Sunday, December 21, 2008

All Bent Out of SHAPE

NATO as Farce

I hadn’t realized that NATO’s executive decisions are made in Chicago. It’s difficult to keep up, particularly if you think international law means something. I think international law means everything, so I can’t keep up. The good news is that we’re getting somewhere; slowly, painfully, but definitely.

And now: the bad news. The bad news is hilarious, particularly if you have a sick sense of humour. The bad news is that 20,000 new American troops are to be sent to Afghanistan, which is 20,000 troops America doesn’t have, paid for with money America also doesn’t have, the money to be provided by China. I guess Obama works it out on the basketball court. There’s no way 20,000 Americans are going to make any difference to the fate of Afghanistan, given at a minimum that the current Chief White Halfoat, Dan McKiernan, said that 400,000 troops would be required to “pacify” Afghanistan, meaning occupation. We’re back to Eric Shinseki’s estimate of the troops required to occupy Iraq. So even with 20,000 additional troops – surge, escalation, call it what you will – we’re only up to some 200,000 troops, half of what is required, even if “it” was legal.

As I understand Tom Lehrer to have said, political satire died the day Henry Kissinger got the Nobel Peace Prize.

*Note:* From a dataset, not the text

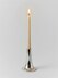 Тонкая свеча в металлическом подсвечнике серебристого цвета с гладкой отражающей поверхностью

Neverthe-dogboned-less, Walt Kelly is an authentic American hero and facts must be faced. Even if Afghanistan was peaceful, prosperous, and democratic – somebody paint me a picture of what that would look like – there would still be this problem of the “border with Pakistan”, the Durand Line, which cuts through the middle of the Pashtun “tribal belt”, the Pashtuns not being a people who take kindly to strangers. This brings us to the problem of Pakistan, a nation that might not be one, a nation in which revered leaders live in Oxbridge and Boston while the majority of the population exists in dirt-poor subsistence.

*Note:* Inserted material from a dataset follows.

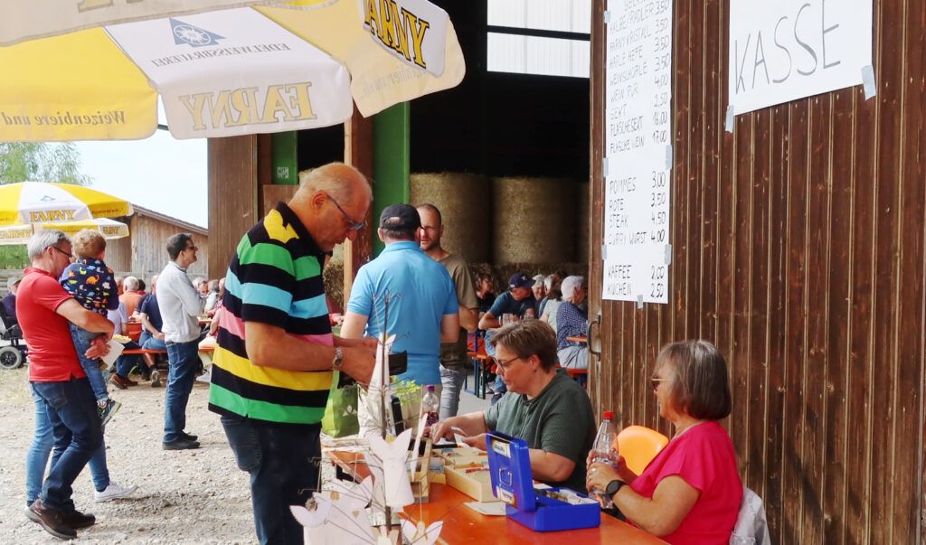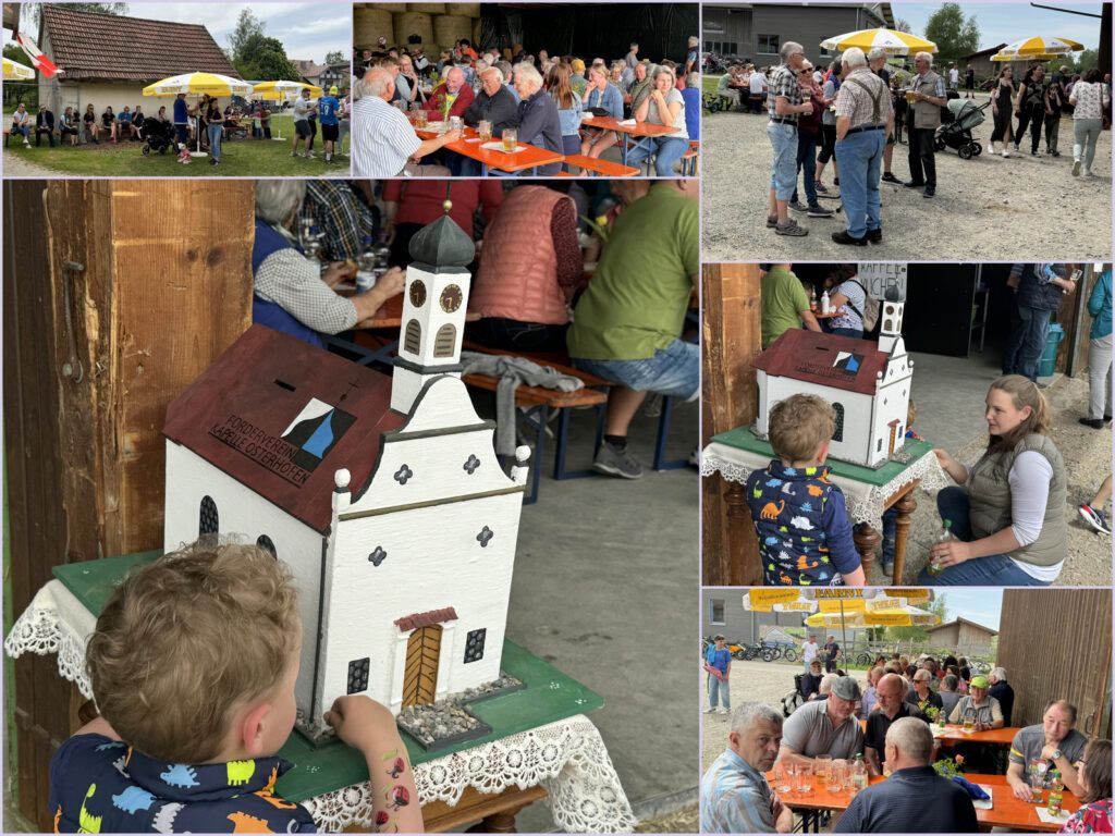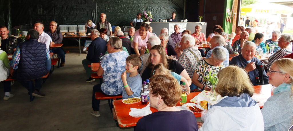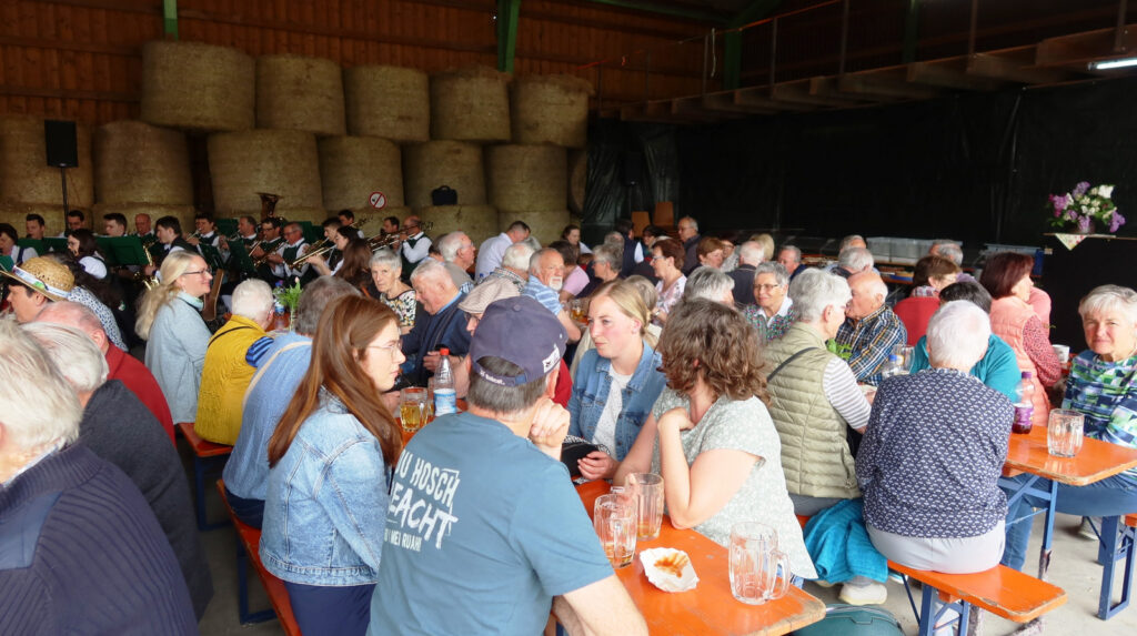 Die Maschinenhalle und der Vorplatz auf dem Hof von Josef und Gertrud Ruther war stets voll belegt. Der Familie Ruther wurde ganz besonders gedankt, weil es das Ehepaar mit viel Vor-und Nacharbeit ermöglicht hatte, dass das Fest in der Nähe der Kapelle zum zweiten Mal auf ihrem Gelände abgehalten werden konnte.

And then there’s the problem of Saudi Arabia, an oil-producing nation that shares our “values” – which as Bird and Fortune pointed out, are an enthusiasm for oil revenues and an abhorrence of corruption inquiries – a “nation” that supports a Royal Family of overwhelming excess and a clergy of savage repression – a problem not unlike Alberta: a one-party state where all decisions are made behind closed doors and everyone is better off.

So let’s get back to International Humanitarian Law, the point at which we allegedly came in: how does that fit in with the “announcement” of 20,000 or 30,000 additional troops for Afghanistan? Apparently, General Dan McKiernan “requested” them, but whether as commander of ISAF, or Operation Enduring Freedom is not made clear. Also, the role of the alleged Afghan government, widely reviled as corrupt, is also not made clear, but since it provides the legal cover for NATO involvement in Afghanistan, the political involvement of SHAPE in Brussels is crucial, particularly if one is looking at the whole thing from the perspective of a war crimes trial, which is precisely what I am doing, and specifically as it relates to Canada’s role in this tragedy. So did the Islamic Republic of Afghanistan request additional NATO or American troops to deal with the “insurgency”? Is the increase covered under United Nations Security Council Resolution 1386? Is the United Nations in legal command of troops in Afghanistan? Is NATO?

So, Canadian troops are on the ground in Kandahar until 2011. Who is the legal commander of these troops? According to the Globe and Mail, command goes to the nation that has the most troops. Is this a sandbox? Who is making up these rules? What are the rules? What makes most sense is George Orwell, who said that there’s only one rule in power politics, which is that there are no rules. What’s going on in Afghanistan is a joke, a very bad joke, and Canada should bang heads together in Brussels or get out. NATO is an American invention, and Canada can withdraw on twelve months’ notice. The alternative is to continue to be a Canadian branch plant of the American military-industrial complex, a corporatocracy careening along a path of unchecked devastation, an engineering colossus that has taken over British nuclear weapons production from the inside, a Rube Goldberg enormity that turns common sense into “human terrain mapping” and leaves death and destruction in its wake.

All of this fabulous American and Chinese industry and imagination would be better employed putting people on Mars; Dick Cheney, for example. Or the entire House of Saud. There’s water on Mars, so maybe there’s oil, too. I’m not sure whether the International Criminal Court has jurisdiction on Mars, but maybe it won’t matter.